The VCF output file begins with the following fields.
Field |
Description |
---|---|
CHROM |
Chromosome identifier |
POS |
Position of the first base before the repeat region in the reference |
ID |
Always . |
REF |
The reference base at position POS |
ALT |
List of repeat alleles in format <STRn> where n is the number of repeat units |
QUAL |
Always . |
FILTER |
LowDepth filter is applied when the overall locus depth is below 10x or the number of reads that span one or both breakends is below 5. |
Field |
Description |
---|---|
SVTYPE |
Always STR |
END |
Position of the last base of the repeat region in the reference |
REF |
Number of repeat units spanned by the repeat in the reference |
RL |
Reference length in bp |
RU |
Repeat unit in the reference orientation |
REPID |
Repeat id from the repeat-specification file |
Field |
Description |
---|---|
GT |
Genotype |
SO |
Type of reads that support the allele; can be SPANNING, FLANKING, or INREPEAT meaning that the reads span, flank, or are fully contained in the repeat |
CI |
Confidence interval called repeat length of each allele |
AD_SP |
Number of spanning reads consistent with the allele |
AD_FL |
Number of flanking reads consistent with the allele |
AD_IR |
Number of in-repeat reads consistent with the allele |
For example, the following VCF entry describes the state of C9orf72 repeat in a sample with ID LP6005616-DNA_A03.
QUAL FILTER INFO FORMAT LP6005616-DNA_A03
chr9 27573526 . C <STR2>,<STR349> . PASS SVTYPE=STR;END=27573544;REF=3;RL=18;RU=GGCCCC;REPID=ALS GT:SO:CN:CI:AD_SP:AD_FL:AD_IR 1/2:SPANNING/INREPEAT:2/349:2-2/323-376:19/0:3/6:0/459
In this example, the first allele spans 2 repeat units while the second allele spans 349 repeat units. The repeat unit is GGCCCC (RU INFO field), so the sequence of the first allele is GGCCCCGGCCCC and the sequence of the second allele is GGCCCC x 349. The repeat spans three repeat units in the reference (REF INFO field).
The length of the short allele was estimated from spanning reads (SPANNING) while the length of the expanded allele was estimated from in-repeat reads (INREPEAT). The confidence interval for the size of the expanded allele is (323,376). There are 19 spanning and 3 flanking reads consistent with the repeat allele of size 2 (that is 19 reads fully contain the repeat of size 2 and 2 flanking reads overlap at most 2 repeat units). Also, there are 6 flanking and 459 in-repeat reads consistent with the repeat allele of size 349.

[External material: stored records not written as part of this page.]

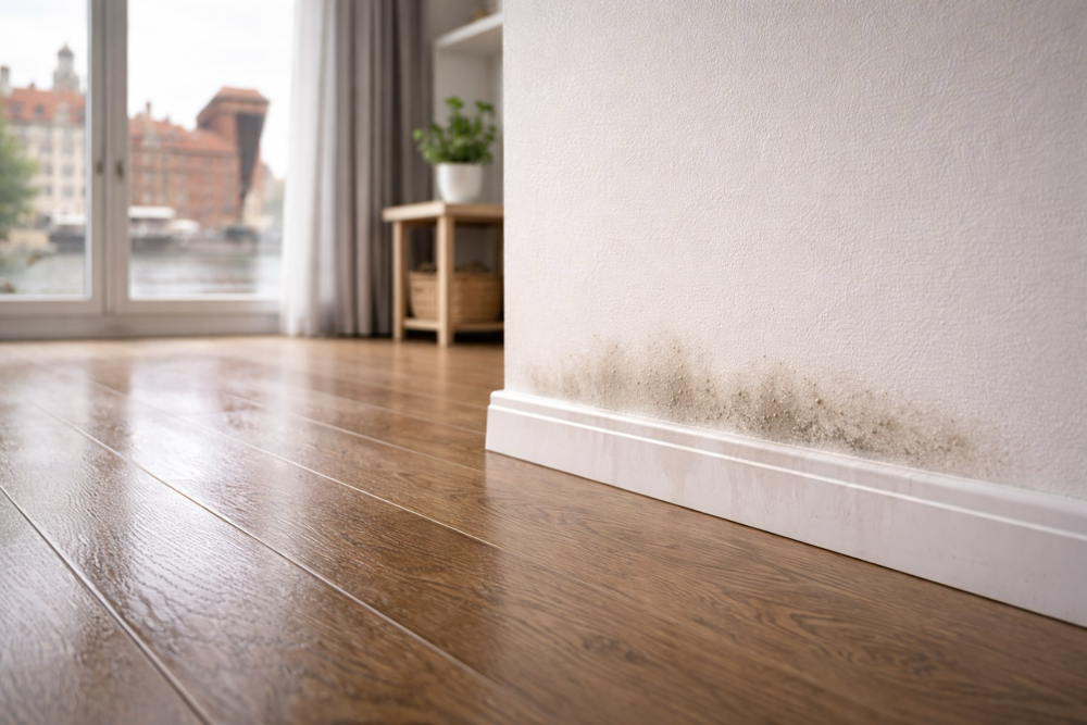 To jeden z kluczowych problemów po zalaniu. Brak widocznej wody nie oznacza, że mieszkanie jest suche.
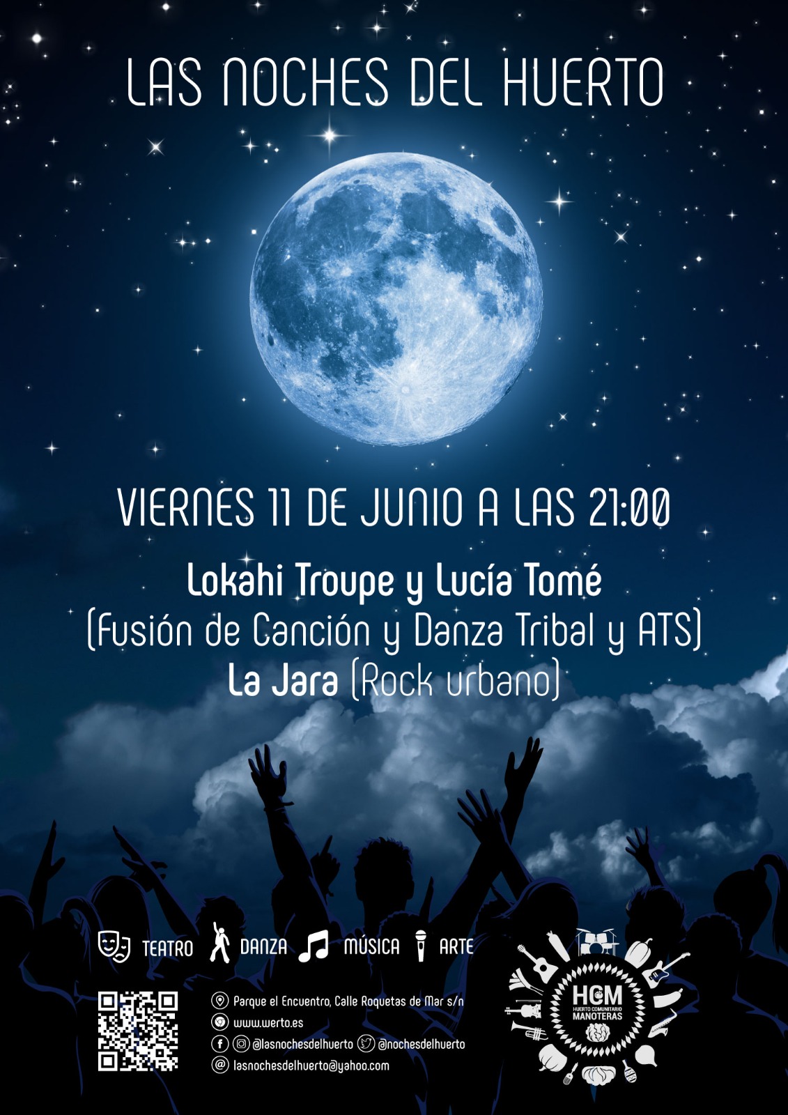 El viernes 11 de junio, a partir de las 21.00 horas, continúa el ciclo de actuaciones al aire libre Las Noches del Huerto de Manoteras con una fusión de canto y danzas tribales y concierto de rock urbano en el teatro del Huerto Comunitario de Manoteras (Cuevas de Almanzora con Roquetas de Mar).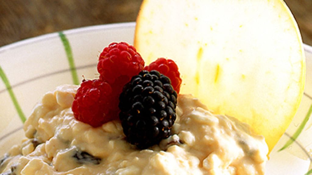 2. Sekoita raejuusto, keltuainen, sokeri ja rusinat.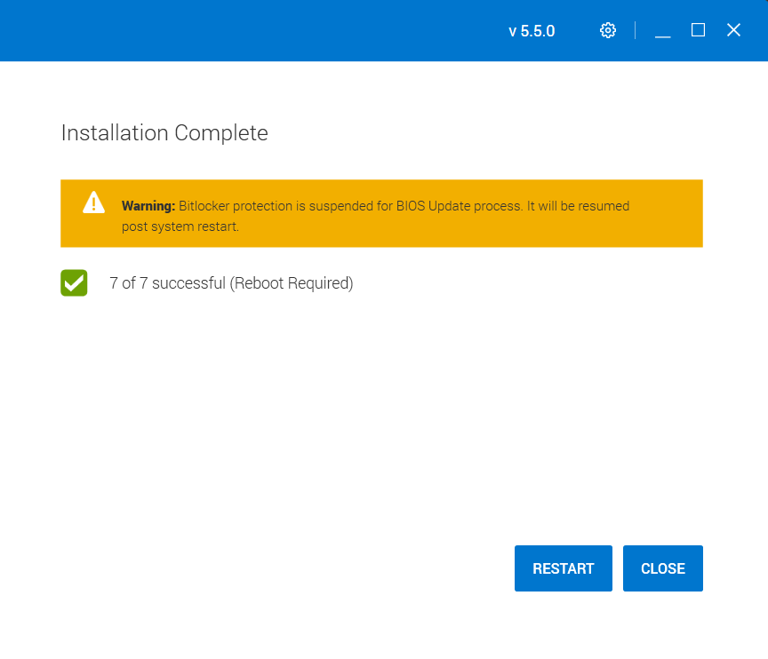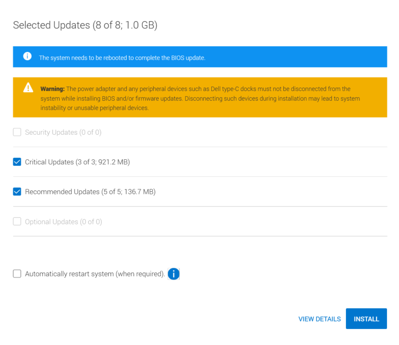 If the list includes a BIOS update or system firmware update, Dell Command | Update will show a notice or warning message.

The sequence-graph alignments of reads in the targeted repeat regions are output in a BAM file. You can use a specialized GraphAlignmentViewer tool (github.com/Illumina/GraphAlignmentViewer/) to visualize the alignments. Programs like Integrative Genomics Viewer (IGV) are not designed for displaying graph-aligned reads and cannot visualize these BAMS.
The BAMs store graph alignments in custom XG tags using the format <LocusName>,<StartPosition>,<GraphCIGAR>.
• | LocusName—A locus identifier that matches the corresponding entry in the repeat expansion specification file. |
• | StartPosition—The starting alignment position of a read on the first graph node. |
• | GraphCIGAR—The alignment of a read against the graph starting from that position. GraphCIGAR consists of a sequence of graph node identifiers and linear CIGARS describing the alignment of the read to each node. |
Quality scores in the BAM file are binary. High-scoring bases are assigned a score of 40, and low-scoring bases are assigned a score of 0.